Merging FASTQ files in paired-end sequencing?

RockefellerUniversity / Bioconductor_Introduction

Bioconductor Training

https://rockefelleruniversity.github.io/Bioconductor_Introduction/

GNU General Public License v3.0

4 stars 1 forks source link

Merging FASTQ files in paired-end sequencing? #16

Open zapaterc opened 3 years ago

zapaterc commented 3 years ago

Hi Thomas and Matt,

I'm building some code to do QC in one RNAseq project that I'm working on... I have 2 fastq.gz files per sample and I just realized this is because there's one fastq.gz file per each paired-end sequencing run.

I was wondering if there's a way (a set of functions?) to integrate both files together so that I end up with just one fastq.gz per sample (so that I can also use that one file to align my reads)? Or which way would you recommend in order to move forward?

Thanks a lot!

Carolina

P.S.: @matthew-paul-2006, I wonder if the reason why my QC looked "clean" at the ends was because I did the analysis with run number 2 of the paired-end sequencing??

ThomasCarroll commented 3 years ago

hi Caroline,

To concatenate two fastqs samples you could use the Rfastp package's catfastq function. @cafeblue wrote this so can help if you have any issues. http://www.bioconductor.org/packages/release/bioc/manuals/Rfastp/man/Rfastp.pdf

Just to be clear on when to merge,

If you have paired-end data you should typically have at least one read1 and one read2 fastq file.

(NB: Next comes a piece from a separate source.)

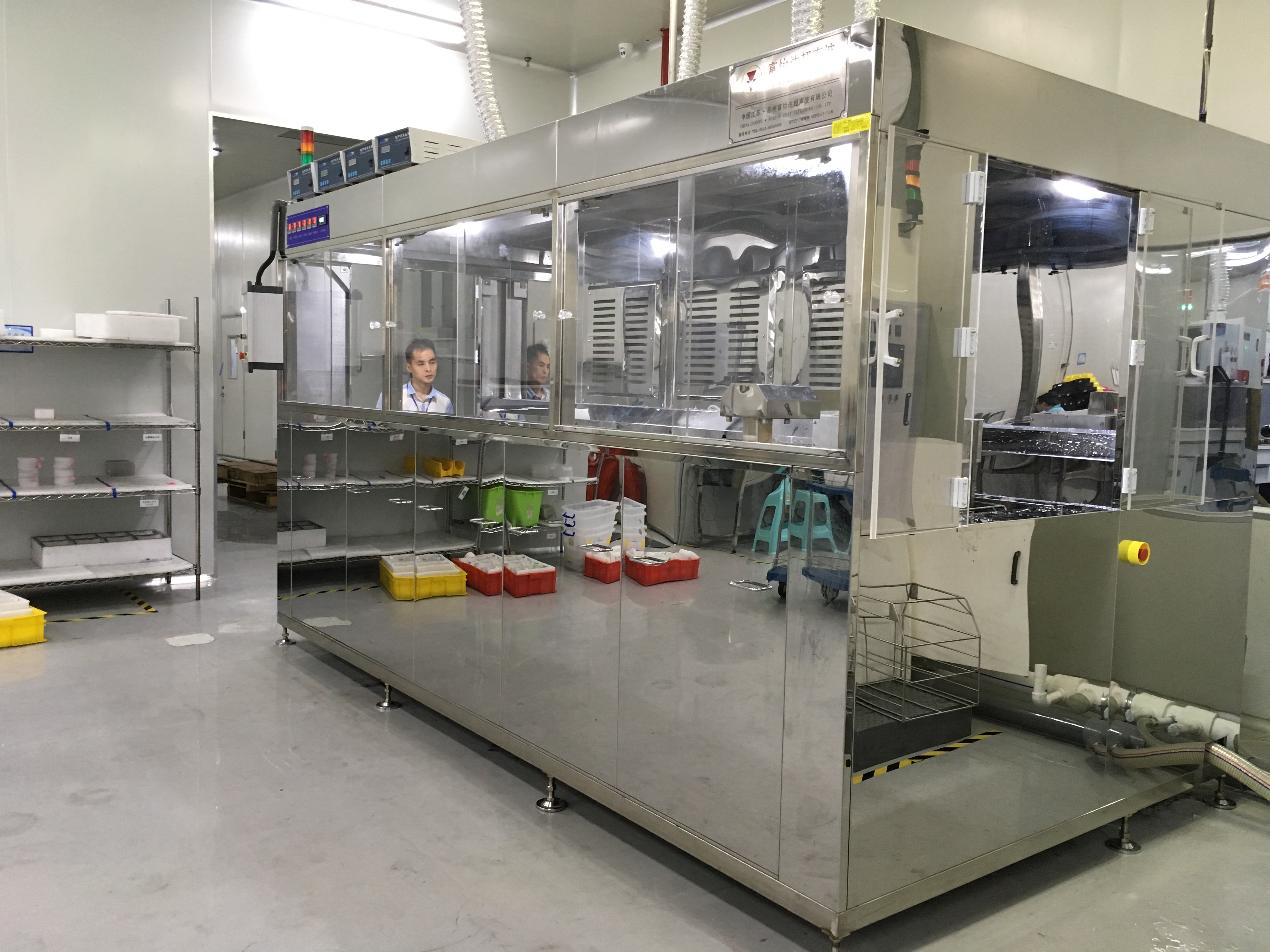 富一達擁有清洗工藝驗收實驗室,配置有28KHZ、40KHZ、80KHZ、120KHZ、200KHZ等不同頻率的超聲波清洗設(shè)備、噴淋清洗設(shè)備、熱風(fēng)(遠紅外)干燥設(shè)備、真空干燥設(shè)備。可根據(jù)用戶不同要求做工藝驗證試驗,后期富怡達還會增加無法潔凈室,并配套清潔度檢測設(shè)備。

These represent either end of the fragment and so are used in alignment as separate files (not merged). Typically denoted by R1 and R2 in name of file i.e. NAMEofSampleR1.fq and NAMEofSampleR2.fq

If you have multiples of R1 and R2, you can merge the R1 files together and then R2 files together prior to alignment as long as you ensure files being merged for R1 and R2 are in the same order i.e Sequencing Run1, Run2, Run3 fastqs are concatenated in that order for both the final merged R1 and R2 files.

tom

zapaterc commented 3 years ago

Hi Tom,

This was very helpful, thank you! I do have just one R1 and R2 file per sample. I just did the alignment but I'm still curious: When/How do I merge the information for the aligned data? There has to be a moment in the process where we merge those two runs, right? I might have missed something in the lecture.

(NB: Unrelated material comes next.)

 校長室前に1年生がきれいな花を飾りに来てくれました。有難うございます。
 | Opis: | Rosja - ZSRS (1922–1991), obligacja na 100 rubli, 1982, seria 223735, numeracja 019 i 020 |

Also, while using the rfastp() function in order to do some basic QC I observe the following:

If I only input read1 the % of duplication rate is about 67%.
If I input both read1 and read2 I get about 6%.

I'm not sure I understand why the duplication rate is overestimated when you make the function think that the data comes from single-end sequencing.

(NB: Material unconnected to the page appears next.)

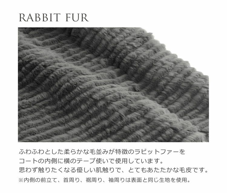 着丈90cmで内側にラビットファーをトリミングしたコートです。
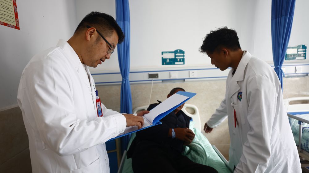 向桂林是一名援藏醫(yī)生,2023年3月,他從重慶市萬(wàn)州區(qū)來(lái)到西藏自治區(qū)昌都市察雅縣開展醫(yī)療援藏工作。在察雅的一年半里,向桂林和隊(duì)員們參加了一百多次義診和下鄉(xiāng)指導(dǎo),累計(jì)接診門診患者1000余人次、救治住院患者400余人次,開展手術(shù)35臺(tái),申報(bào)新技術(shù)10項(xiàng)。今年國(guó)慶,向桂林選擇繼續(xù)留守工作崗位。“只能在視頻通話里和家人團(tuán)聚了。但這是我們的責(zé)任更是一種榮譽(yù)?!毕蚬鹆终f。

As a follow-up question: If i use the readFastq() function followed by srduplicated() in order to get the duplicate reads in R1 I obtain approximately a 82% of duplicate reads.

Screen Shot 2021-07-21 at 02 18 03

Sorry for the lengthy questions and thanks a lot in advance!

Carolina

matthew-paul-2006 commented 3 years ago

We talk about paired end data in subsequent sessions on technique specific analysis, so you haven't missed anything. So the question of merging all depends on the experimental approach, but for most cases you would do this at the alignment step. For RNAseq paired end, you can provide the aligner with both fastqs and it will align considering both reads. You can check the function help page to get the exact input variables and order you need to supply the file names.

As for the QC plots you showed me, it is unlikely that they would be gated in that way, based on just providing the fastq read2, instead of whole dataset. In fact it is often the case that the second read has slightly lower quality. Based on what you said the data had already been trimmed, and it fits with that explanation (especially as you said the read length varied a lot), but your best bet is to just check in with the folks who did the initial processing for you.